Taking this statement alone, it means x and y are both same sign (either both + or both -) and |x|>|y|. Thus, it is insufficient and you need to combine it with Statement I.

From statement I, you know x=y+1/2, hence x>y. If you know x>y and also |x|>|y| this means both are positive.

From the 1/y>0 case what happens when y=0?, how goes GMAT treat that case? I notice that the question is asking if they are positive, not nonnegative, this case would have accounted for 0? Thanks

Bunuel wrote:

Are x and y both positive? (1) 2x-2y=1 (2) x/y>1

(1) 2x-2y=1. Well this one is clearly insufficient. You can do it with number plugging OR consider the following: x and y both positive means that point (x,y) is in the I quadrant. 2x-2y=1 --> y=x-1/2, we know it's an equation of a line and basically question asks whether this line (all (x,y) points of this line) is only in I quadrant. It's just not possible. Not sufficient.

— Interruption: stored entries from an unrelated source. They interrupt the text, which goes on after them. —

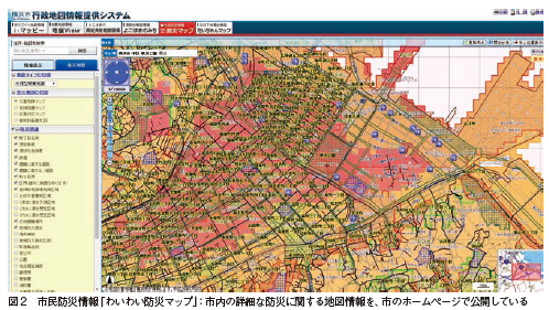 「危機管理とは人であり、訓練であり、意識である」と唱えた上原氏が9年前に横浜にまいた危機管理対応の種は、現在も着実に育って実をつけている。わいわい防災マップ」を開設(図2)。地区レベルで「災害危険マップ」「危険回避マップ」「応急対応マップ」「都市計画基本図」を表示でき、さらに首都直下地震や南海トラフ地震が起きた場合の「想定震度」「液状化危険度」「避難に適さない道路」のほか、「災害用井戸協力の家」「防火水槽」「帰宅困難者一時滞在施設」など30種類以上の災害関連施設情報をGIS上にプロットして見ることができる。情報は横浜市ホームページのトップページから「行政地図情報」のリンクをクリックすると誰でも閲覧することができる。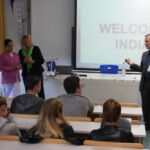 Mit großem Dank verbunden war seine Begrüßung der aus Indien angereisten Schwester Hilda Rodrigues, die sich Mitte September für 50 interessierte Schülerinnen und Schüler Zeit nahm, um ihnen das Pathardi Projekt nochmal ein Stückchen näher zu bringen. Darunter waren die Sozialversicherungsfachangestellten und die Medienkaufleute, die seit Jahren das Projekt durch ihr Engagement unterstützen.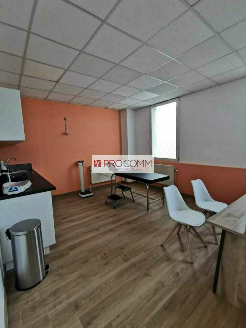 Le plateau est composé d'un premier bureau de 23.65m², un deuxième bureau de 23.65m², un troisième bureau de 19.85m², un secrétariat de 11.45m², une salle d'attente de 20.55m², sanitaire privatif.

(2) x/y>1 --> x and y have the same sign. But we don't know whether they are both positive or both negative. Not sufficient.

(1)+(2) Again it can be done with different approaches. You should just find the one which is the less time-consuming and comfortable for you personally.

One of the approaches: 2x-2y=1 --> x=y+\frac{1}{2} \frac{x}{y}>1 --> \frac{x-y}{y}>0 --> substitute x --> \frac{1}{y}>0 --> y is positive, and as x=y+\frac{1}{2}, x is positive too. Sufficient.

From the 1/y>0 case what happens when y=0?, how goes GMAT treat that case? I notice that the question is asking if they are positive, not nonnegative, this case would have accounted for 0? Thanks

Bunuel wrote:

Are x and y both positive? (1) 2x-2y=1 (2) x/y>1

(1) 2x-2y=1. Well this one is clearly insufficient. You can do it with number plugging OR consider the following: x and y both positive means that point (x,y) is in the I quadrant. 2x-2y=1 --> y=x-1/2, we know it's an equation of a line and basically question asks whether this line (all (x,y) points of this line) is only in I quadrant. It's just not possible. Not sufficient.

(2) x/y>1 --> x and y have the same sign. But we don't know whether they are both positive or both negative. Not sufficient.

(1)+(2) Again it can be done with different approaches. You should just find the one which is the less time-consuming and comfortable for you personally.

One of the approaches: 2x-2y=1 --> x=y+\frac{1}{2} \frac{x}{y}>1 --> \frac{x-y}{y}>0 --> substitute x --> \frac{1}{y}>0 --> y is positive, and as x=y+\frac{1}{2}, x is positive too. Sufficient.

Answer: C.

Posted from my mobile device

\frac{x}{y}>1 means that y\neq{0} (\frac{1}{y} means y>0). Also as division by zero is undefined then in cases when denominator could be zero GMAT would most likely state that denominator does not not equal to zero.
_________________

(1) x-y = 1/2 so 1/4 - (-1/4) = 1/2 [y could be -ve] again, 1 - 1/2 = 1/2 [y could be +ve] Insufficient. (2) This option refers both x and y are -ves or +ves. insufficient.

For 1+2: x/y>1 and in option 1 x is positive so y is also positive.